CourtDistrict Court of Appeal of Florida
DecidedOctober 27, 2021
Docket20-2649
StatusPublished

This text of JAMES DAMASK v. LESYA RYABCHENKO (JAMES DAMASK v. LESYA RYABCHENKO) is published on Counsel Stack Legal Research, covering District Court of Appeal of Florida primary law. Counsel Stack provides free access to over 12 million legal documents including statutes, case law, regulations, and constitutions.

Bluebook
JAMES DAMASK v. LESYA RYABCHENKO, (Fla. Ct.
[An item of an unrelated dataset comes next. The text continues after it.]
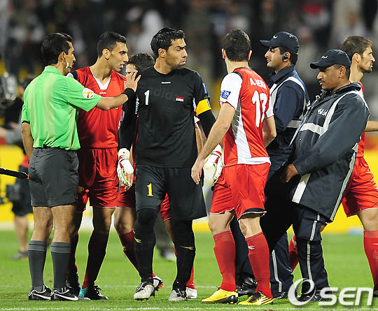 경기를 마치고 시리아 선수들이 토르키 모흐센 주심에게 계속 항의를 하자 경찰들이 뛰어오고 있다. /rumi@osen.co.kr
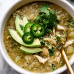 A hearty and flavorful Slow Cooker Chicken Chile Verde Stew made with tender chicken thighs, green chiles, salsa verde, and red potatoes. This easy stew is perfect for meal prep and offers a gently spicy, comforting meal that can be conveniently cooked in a slow cooker.

App. 2021).

Opinion

DISTRICT COURT OF APPEAL OF THE STATE OF FLORIDA FOURTH DISTRICT

JAMES DAMASK, Appellant,

v.

LESYA RYABCHENKO, Appellee.

No. 4D20-2649

[October 27, 2021]

Appeal from the Circuit Court for the Fifteenth Judicial Circuit, Palm Beach County; Dina A. Keever-Agrama, Judge; L.T. Case No. 502015DR001522.

Jennifer L. Delgado, Jonathan Mann, and Robin Bresky of Bresky Law, Boca Raton, for appellant.
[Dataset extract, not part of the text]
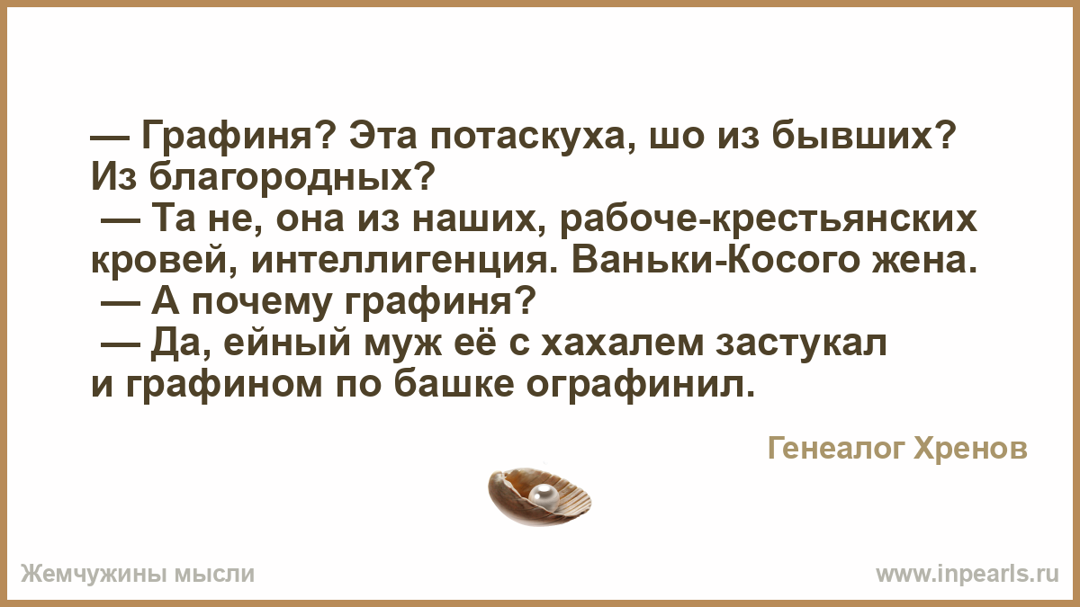 — Графиня? Эта потаскуха, шо из бывших? Из благородных?

No appearance for appellee.

GROSS, J.

James Damask (“the father”) timely appeals a post-judgment order in a paternity proceeding that, among other things, imputed gross income to him of $578,500 per year and granted an upward modification of his child support obligation. We reverse because there was not competent, substantial evidence to support the imputation of $578,500 in income.

The underlying paternity action culminated in the entry of a final judgment of paternity that ratified the parties’ settlement agreements. At that time, the parties agreed that gross annual income of $35,000 would be imputed to the mother, and that the father’s actual gross annual income was $578,500. The parties also agreed that the father would pay $2,000 per month in child support, which exceeded the child support guidelines.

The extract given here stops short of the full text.